Akhir-akhir ini, banyak orang yang memamerkan portofolionya bahwa


mereka telah mampu menghasilkan 20% atau 30% dalam waktu sebulan.
Tentunya itu merupakan hal yang sangat baik, tetapi bukan itu kunci sukses dalam
berinvestasi. Kesabaran dan komitmen jauh lebih penting dari pada itu. Percuma
saja bila mampu menghasilkan 20% sampai 30% sebulan kalau tahun depan saat
saham sudah tidak booming, mereka berhenti berinvestasi.
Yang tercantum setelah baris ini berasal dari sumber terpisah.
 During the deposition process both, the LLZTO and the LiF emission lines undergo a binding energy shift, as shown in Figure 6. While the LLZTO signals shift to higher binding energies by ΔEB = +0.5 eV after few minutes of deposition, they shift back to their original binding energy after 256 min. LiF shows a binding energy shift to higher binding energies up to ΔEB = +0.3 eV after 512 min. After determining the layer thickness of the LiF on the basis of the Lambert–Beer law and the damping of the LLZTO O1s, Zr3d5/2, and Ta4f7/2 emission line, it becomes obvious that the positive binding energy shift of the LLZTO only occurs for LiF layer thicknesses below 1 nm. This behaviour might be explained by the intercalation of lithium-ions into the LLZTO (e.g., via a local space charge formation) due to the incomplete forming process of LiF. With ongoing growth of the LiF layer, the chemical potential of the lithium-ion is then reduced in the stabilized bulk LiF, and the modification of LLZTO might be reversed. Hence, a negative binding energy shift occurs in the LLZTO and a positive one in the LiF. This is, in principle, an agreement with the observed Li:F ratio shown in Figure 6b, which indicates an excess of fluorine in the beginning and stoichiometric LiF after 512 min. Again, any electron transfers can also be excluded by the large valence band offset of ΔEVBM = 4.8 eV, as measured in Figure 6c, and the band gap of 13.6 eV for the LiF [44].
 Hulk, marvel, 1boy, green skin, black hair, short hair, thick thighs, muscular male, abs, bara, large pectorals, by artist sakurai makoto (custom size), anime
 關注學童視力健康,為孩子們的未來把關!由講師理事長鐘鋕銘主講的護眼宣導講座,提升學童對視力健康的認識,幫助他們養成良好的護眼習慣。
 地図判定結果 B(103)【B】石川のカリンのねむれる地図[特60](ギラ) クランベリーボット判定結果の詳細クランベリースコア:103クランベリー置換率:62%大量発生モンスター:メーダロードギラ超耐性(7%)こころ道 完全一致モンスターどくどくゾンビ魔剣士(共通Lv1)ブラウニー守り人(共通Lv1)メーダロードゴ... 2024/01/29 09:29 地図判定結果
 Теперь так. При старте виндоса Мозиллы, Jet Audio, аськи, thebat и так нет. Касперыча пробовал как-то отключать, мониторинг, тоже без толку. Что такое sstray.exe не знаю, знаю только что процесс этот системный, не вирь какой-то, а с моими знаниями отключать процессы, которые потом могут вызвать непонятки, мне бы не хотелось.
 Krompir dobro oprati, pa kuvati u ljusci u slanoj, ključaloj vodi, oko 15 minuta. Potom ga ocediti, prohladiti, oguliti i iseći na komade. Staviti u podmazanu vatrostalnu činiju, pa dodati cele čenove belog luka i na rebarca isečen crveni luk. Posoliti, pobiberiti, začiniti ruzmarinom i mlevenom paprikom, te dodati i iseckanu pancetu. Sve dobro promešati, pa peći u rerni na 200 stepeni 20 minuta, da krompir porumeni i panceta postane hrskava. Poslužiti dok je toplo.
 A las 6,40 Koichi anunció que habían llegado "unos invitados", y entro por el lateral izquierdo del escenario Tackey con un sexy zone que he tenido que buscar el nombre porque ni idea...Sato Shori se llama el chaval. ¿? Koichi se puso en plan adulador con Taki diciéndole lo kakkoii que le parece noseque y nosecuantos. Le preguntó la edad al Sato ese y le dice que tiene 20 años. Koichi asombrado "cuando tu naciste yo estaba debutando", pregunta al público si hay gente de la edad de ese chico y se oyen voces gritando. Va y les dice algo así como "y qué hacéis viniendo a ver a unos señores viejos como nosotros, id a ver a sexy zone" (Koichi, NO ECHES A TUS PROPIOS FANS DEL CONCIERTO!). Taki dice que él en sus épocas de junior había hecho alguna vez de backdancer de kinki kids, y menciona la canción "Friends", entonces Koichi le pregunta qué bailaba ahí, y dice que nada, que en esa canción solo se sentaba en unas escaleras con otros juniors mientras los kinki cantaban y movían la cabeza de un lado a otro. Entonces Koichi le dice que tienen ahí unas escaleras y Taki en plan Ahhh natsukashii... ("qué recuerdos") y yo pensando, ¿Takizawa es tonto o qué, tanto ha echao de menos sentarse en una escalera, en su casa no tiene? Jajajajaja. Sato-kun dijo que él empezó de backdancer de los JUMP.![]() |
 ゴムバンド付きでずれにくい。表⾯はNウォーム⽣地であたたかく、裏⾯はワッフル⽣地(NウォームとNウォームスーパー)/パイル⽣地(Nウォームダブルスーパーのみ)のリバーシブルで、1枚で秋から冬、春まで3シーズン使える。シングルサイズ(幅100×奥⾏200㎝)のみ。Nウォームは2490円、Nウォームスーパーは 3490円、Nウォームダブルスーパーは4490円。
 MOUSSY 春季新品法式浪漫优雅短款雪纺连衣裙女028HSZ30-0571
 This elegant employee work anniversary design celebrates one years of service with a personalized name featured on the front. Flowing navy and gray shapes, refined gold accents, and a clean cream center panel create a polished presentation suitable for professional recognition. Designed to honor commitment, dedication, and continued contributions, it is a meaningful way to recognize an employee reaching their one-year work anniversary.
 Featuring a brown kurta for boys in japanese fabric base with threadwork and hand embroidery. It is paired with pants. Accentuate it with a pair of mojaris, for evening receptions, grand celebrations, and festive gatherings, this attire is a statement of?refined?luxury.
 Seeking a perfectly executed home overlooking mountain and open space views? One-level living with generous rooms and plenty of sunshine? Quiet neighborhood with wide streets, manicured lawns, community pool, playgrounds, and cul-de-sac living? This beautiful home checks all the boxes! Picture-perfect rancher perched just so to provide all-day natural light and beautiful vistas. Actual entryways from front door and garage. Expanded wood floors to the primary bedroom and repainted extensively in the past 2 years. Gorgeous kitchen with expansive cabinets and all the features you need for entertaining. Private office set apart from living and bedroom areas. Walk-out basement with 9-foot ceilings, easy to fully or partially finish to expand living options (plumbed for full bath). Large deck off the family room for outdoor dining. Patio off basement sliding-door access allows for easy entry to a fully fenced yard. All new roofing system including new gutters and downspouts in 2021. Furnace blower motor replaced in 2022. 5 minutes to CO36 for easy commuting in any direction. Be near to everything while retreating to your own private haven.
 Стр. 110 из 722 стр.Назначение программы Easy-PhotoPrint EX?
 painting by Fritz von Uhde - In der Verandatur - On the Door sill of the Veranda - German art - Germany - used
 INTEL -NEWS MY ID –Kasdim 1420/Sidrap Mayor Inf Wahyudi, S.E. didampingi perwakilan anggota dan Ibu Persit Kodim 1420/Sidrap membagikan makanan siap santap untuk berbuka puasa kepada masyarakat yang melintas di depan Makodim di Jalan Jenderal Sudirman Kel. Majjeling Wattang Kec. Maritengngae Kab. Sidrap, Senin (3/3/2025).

Untuk itu, setelah kita mengetahui seberapa penting dan luar biasanya
berinvestasi, kita memerlukan yang namanya komitmen dan kesabaran. Jadikan
kesabaran dan komitmen Warren Buffett untuk terus berinvestasi sampai sekarang
menjadi contoh bagi kita kaum muda. Muda menjadi salah satu kekuatan paling
berharga kita karena kita bisa memulai terlebih dahulu ketimbang orang lain.
Ingat, waktu adalah hal yang sangat mahal. Selagi kita muda, kita harus terus
berkomitmen bahwa kita akan terus berinvestasi bukan hanya untuk 10 atau 20
tahun kedepan, tetapi selama kita hidup, kita harus tetap berkomitmen untuk
berinvestasi.

Daftar Pustaka

Graham, Benjamin. 2006. The Intelligent Investor. New York: Harper Collins.

Hagstrom, Robert G. 2004. The Warren Buffett Way. New Jersey: John Wiley &
Sons.

Kiyosaki, Robert T. 2016. Rich Dad Poor Dad. Jakarta: Gramedia Pustaka Utama.